Most of us remember where we were on September 11, 2001, just as an earlier generation remembers where they were when John F Kennedy and Martin Luther King Jr. were assassinated. When I visited The National Memorial for Peace and Justice, informally known as the National Lynching Memorial, in Montgomery, Alabama, I found another place that I would never forget.

I visited the memorial with two friends on a Saturday afternoon. We approached it by climbing a grassy hill that overlooks the original Capital of the Confederacy – Montgomery -- once a center of the slave trade.

We came to a memorial like no other. Suspended from a concrete roof were 805 steel monoliths the size of coffins inscribed with the names of over 4400 African Americans who were lynched in America between 1877 and 1950. All were lynched by white people.

An unknown victim was lynched because he asked a white woman for a drink of water.
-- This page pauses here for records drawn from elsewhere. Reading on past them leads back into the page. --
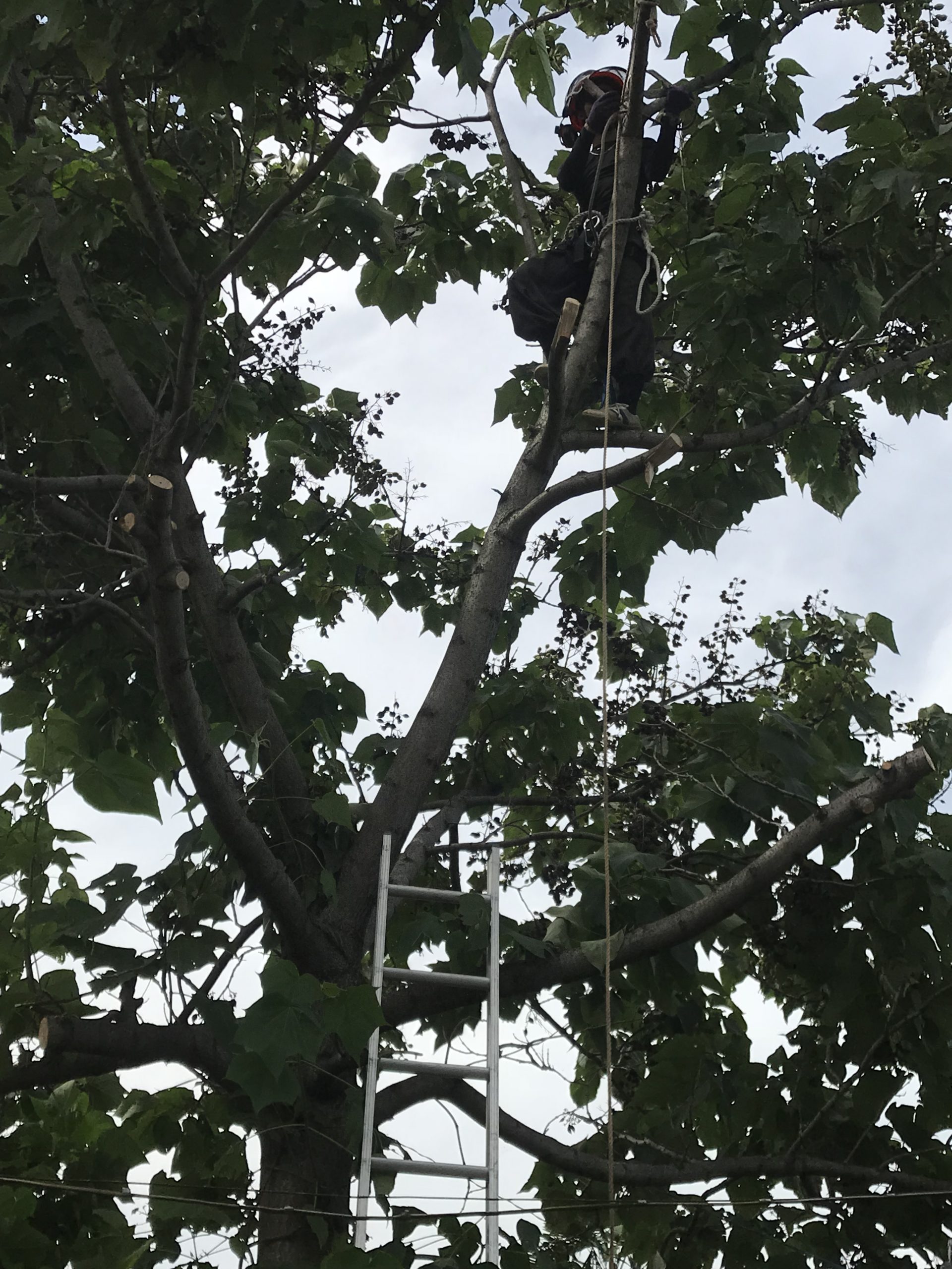 高さ11m程の樹木の伐採を行いました。作業車が入らない場所での伐採作業でしたので、ハシゴで登りロープを使っての吊るし切りで伐採しました。電線なども枝の間を通っているので、線などに注意しながらの伐採作業でした。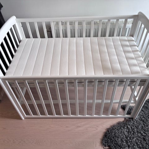 Vit spjälsäng från JLY med praktisk utdragslåda under med tillhörande madrass (märke Babymatex) med quiltat överdrag och dragkedja.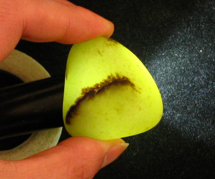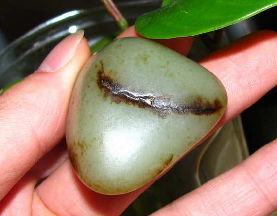轻微。肉质干净无杂质。 如图一面有个浅裂但已经沁满黑皮,如果没有皮色的话肉质会显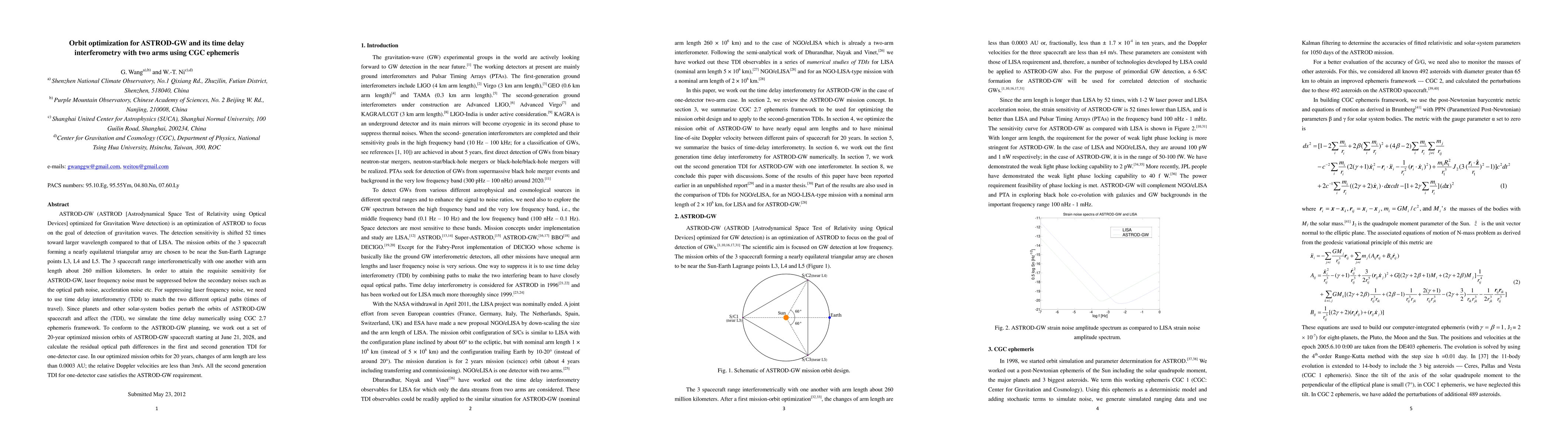The research utilizes orbit optimization for ASTROD-GW, focusing on time delay interferometry with two arms using the CGC ephemeris. The study simulates time delay numerically to perturb the orbits of ASTROD-GW spacecraft caused by planets and solar-system bodies, ensuring the requisite sensitivity for gravitational wave detection.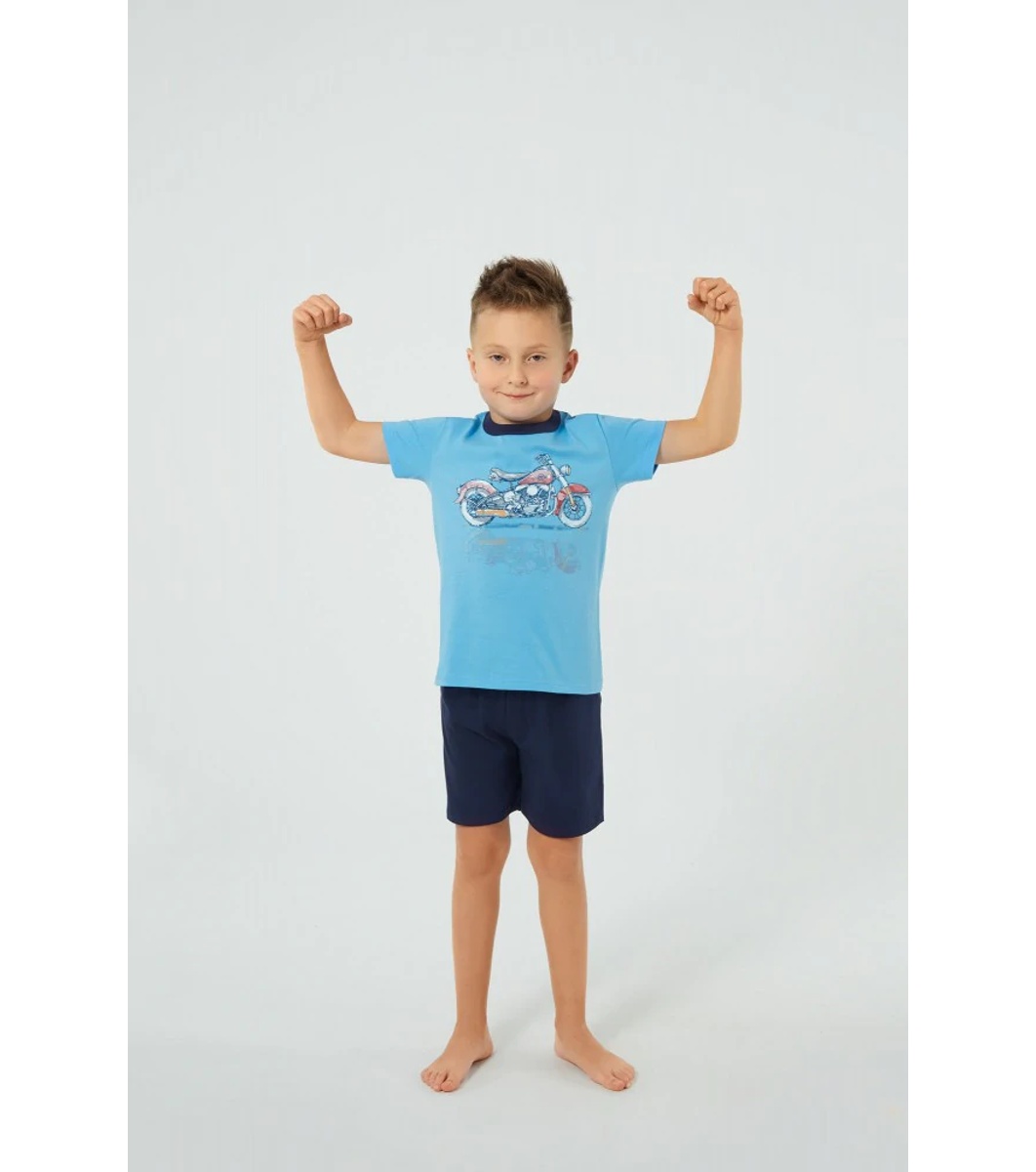 Pijamale de vară din bumbac pentru băieți, în albastru, Junak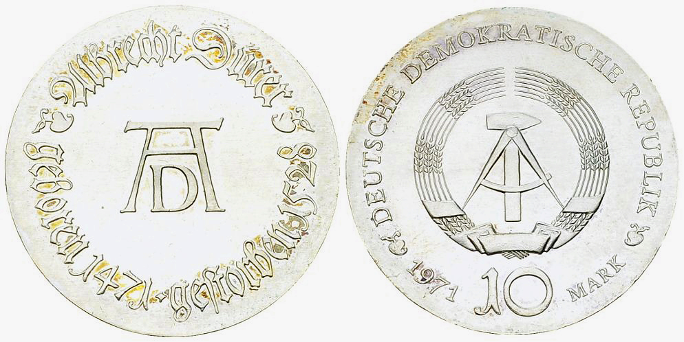 Deutsche Demokratische Republik DDR. AR 10 Mark 1971 (A) (16.98 g), Dürer.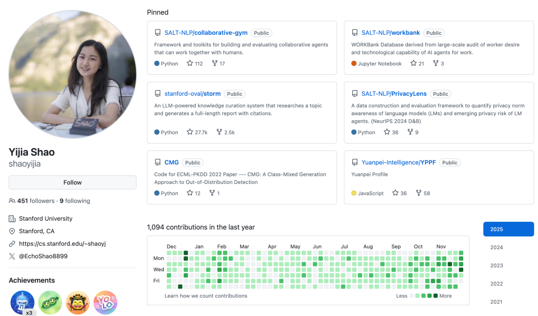 Yijia Shao是斯坦福大学的博士生,师从Diyi Yang教授。她的研究重点是人机协同(Human-AI Collaboration)。她致力于开发能够在任务执行过程中与人类进行有效沟通和协作的AI智能体,并设计新型的人机交互界面。她的工作旨在探索AI如何通过理解人类意图和反馈,更好地辅助人类完成复杂的知识密集型任务。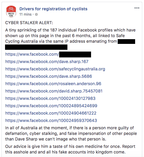 It’s hard to predict what will happen to DFROC from here. Some believe it will cross the line one too many times and that the page will shut down for good. There’s some suggestion that moment may have already happened when a post was published in late June showing the home address of Safe Cycling Australia founder Dave Sharp. That post, an escalation of the bitter feud between Mr X and Sharp, was swiftly taken down – but not before Sharp took the issue to Queensland Police and the Australian Federal Police.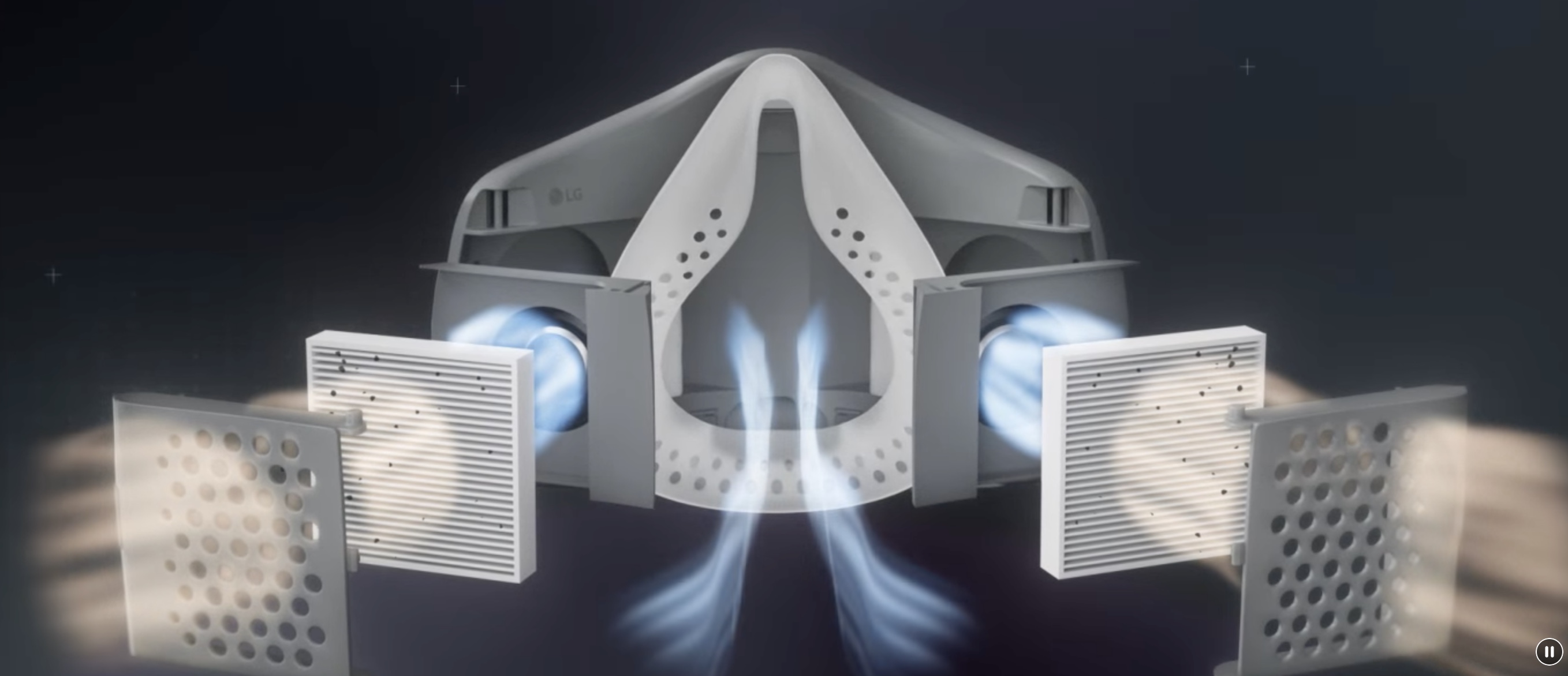 LG 퓨리케어 마스크는 좌우에 각각 공기가 지나가는 팬이 있으며 들숨과 날숨을 감지하는 호흡 센서로 운동 시 호흡량에 따라 두 개의 팬 속도를 알아서 조절해 마스크를 거치는 공기의 유입량을 제어하게 됩니다.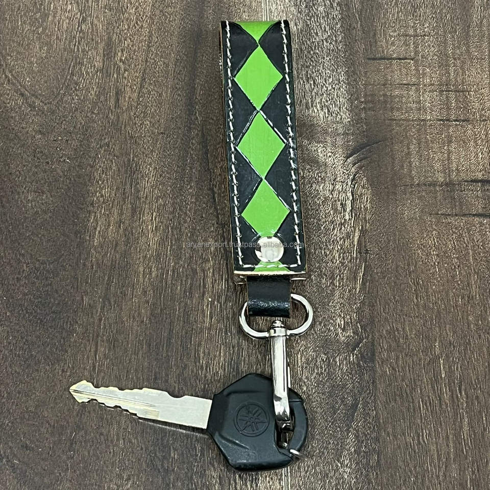Hot Selling Stylish Fashionable Handcrafted Cow Leather Keychain Checkered Design Key Holder for Corporate & Promotional Gifts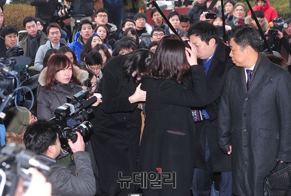 취재진들이 조현아 전 부사장의 양팔을 부여잡고 계속해서 질문했지만 조 전 부사장은 검찰 관계자의 팔에 매달리다시피 붙어 온몸을 바들바들 떨면서 고개를 푹 숙였다.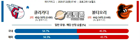 07월 22일 07:40 MLB 클리블랜드 가디언즈 vs 볼티모어 오리올스 | 야구 스포츠분석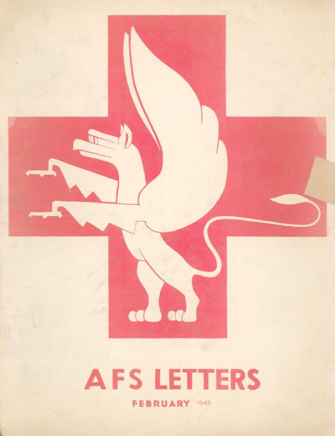 It was not until after the advance guard of 485, A and B platoons, had reached Italy however, that the men started talking of an identifying insignia of their own. Everyone wanted an emblem, but no agreement could seem to be reached on what device or design should be used. Finally it was decided to have a contest, the winner to get a $25.00 prize to make the Coy a distinguishing mark of its own. The griffin was chosen because this mythical creature with its half eagle, half lion body, seemed best able to represent the fraternity and cooperation between the AFS men and the British troops they serve. Shortly afterwards, the ambulances and other sundry 485 vehicles had brightly painted griffins on their front doors.

Parks Banks was lynched because he had a photograph of a white woman in his wallet. Mr. Al McCamy was lynched in Dalton, Georgia, for touching a ten-year-old white girl.

Volunteers have collected earth from the site where each lynching occurred. The collections are displayed in rows of clear glass jars beneath the monoliths. Some of the earth is red. When we left at dusk, many visitors were crying.

I noticed the care and tenderness of the guides at the memorial. How moving that in a place recalling terror, one can be touched by the love of others.